◆ **Task item**
Each line from the one containing "Women Floral Printed" to the end of the data must be copied exactly, the first and last included; no other lines and no pictures belong in the copy.

Top of Data extract

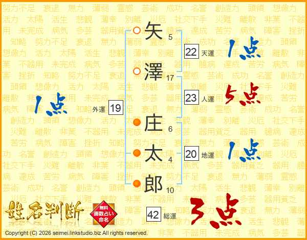 矢(5画)澤(17画) 庄(6画)太(4画)郎(10画)
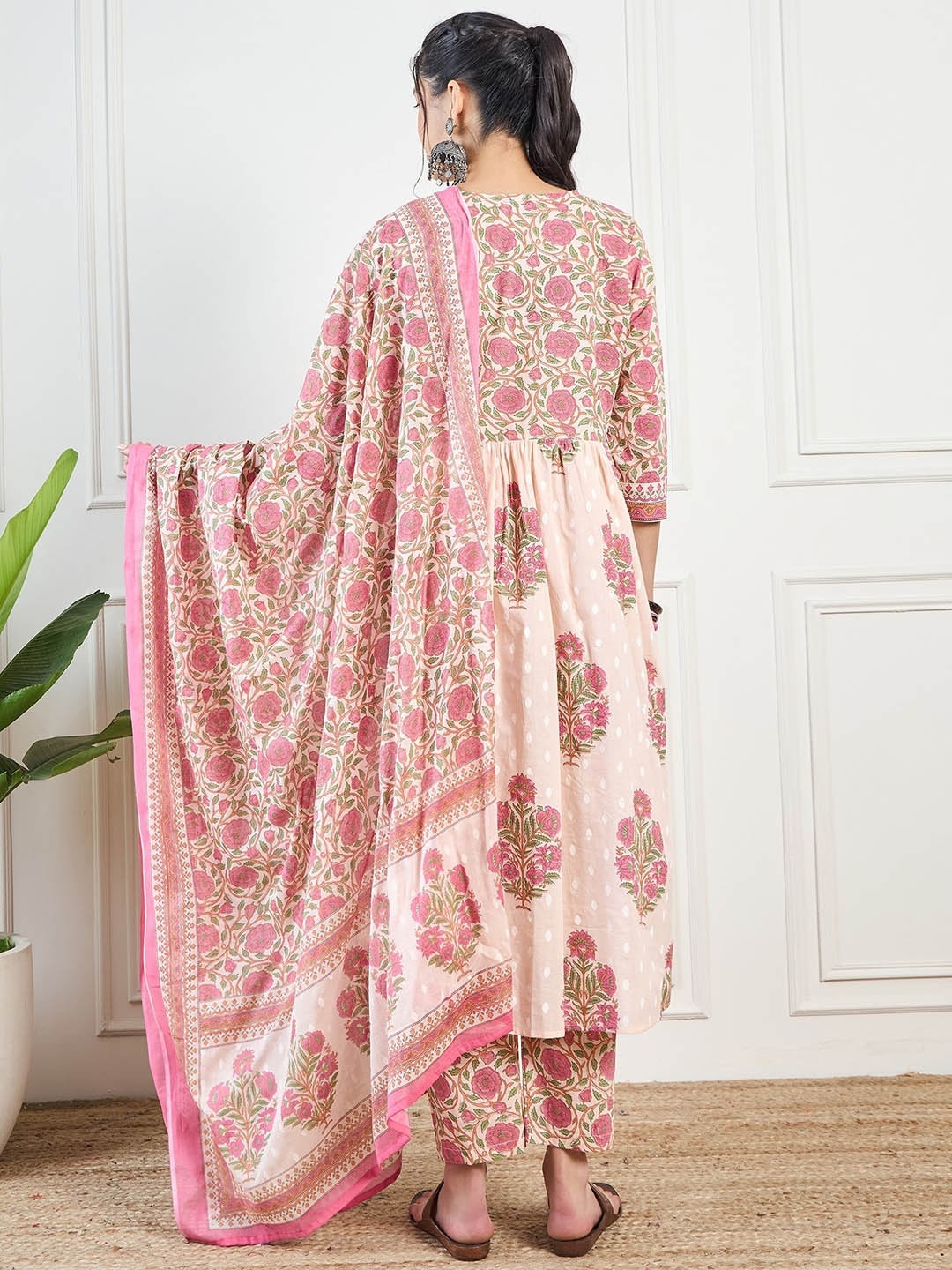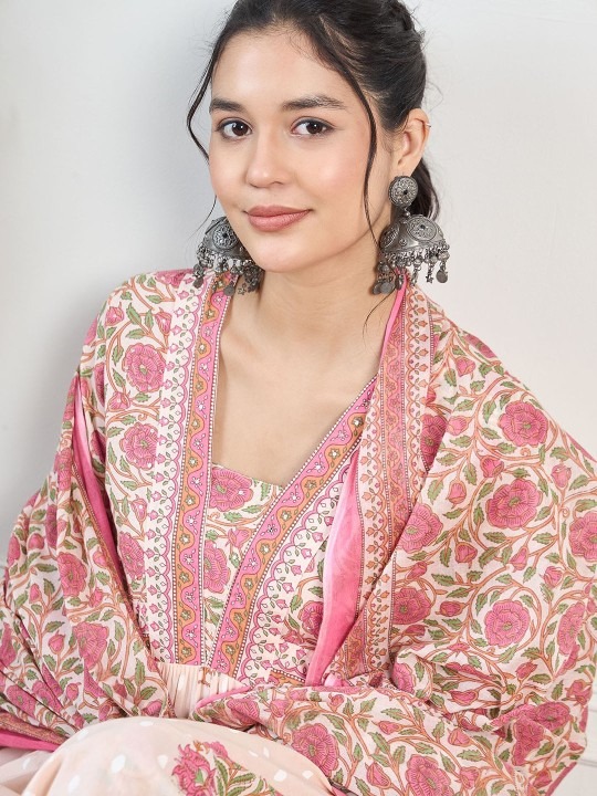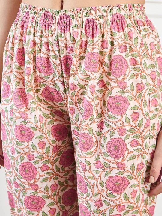 Women Floral Printed Pure Cotton Kurta with Palazzos & With Dupatta
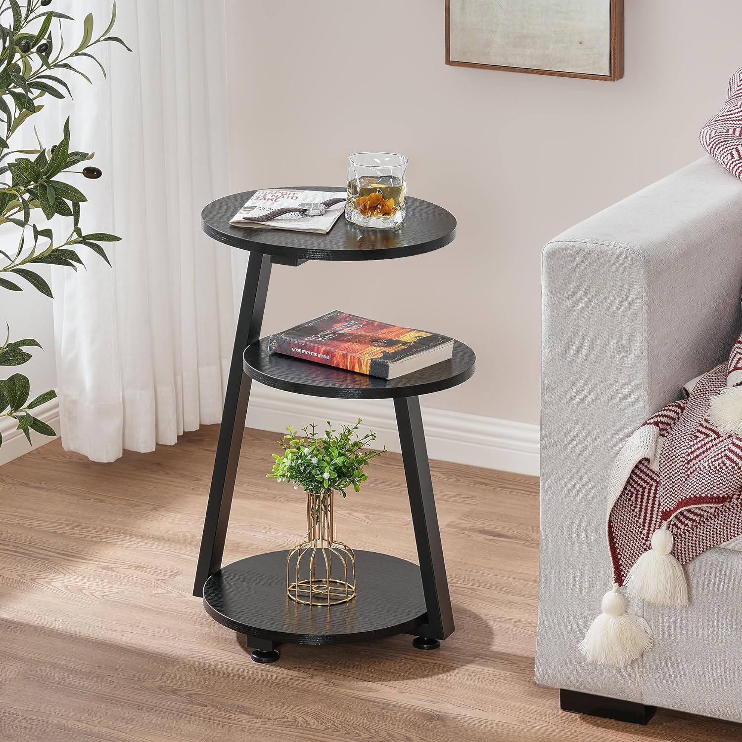 BEWISHOME Round End Table Side Table with Metal Frame, Accent Nightstand Bedside Table with 3-Tier Shelves, Small Couch Table for Living Room Bedroom Black KTZ41B

Bottom of Data extract

◆ **Answer box**
 Women Floral Printed Pure Cotton Kurta with Palazzos & With Dupatta
 BEWISHOME Round End Table Side Table with Metal Frame, Accent Nightstand Bedside Table with 3-Tier Shelves, Small Couch Table for Living Room Bedroom Black KTZ41B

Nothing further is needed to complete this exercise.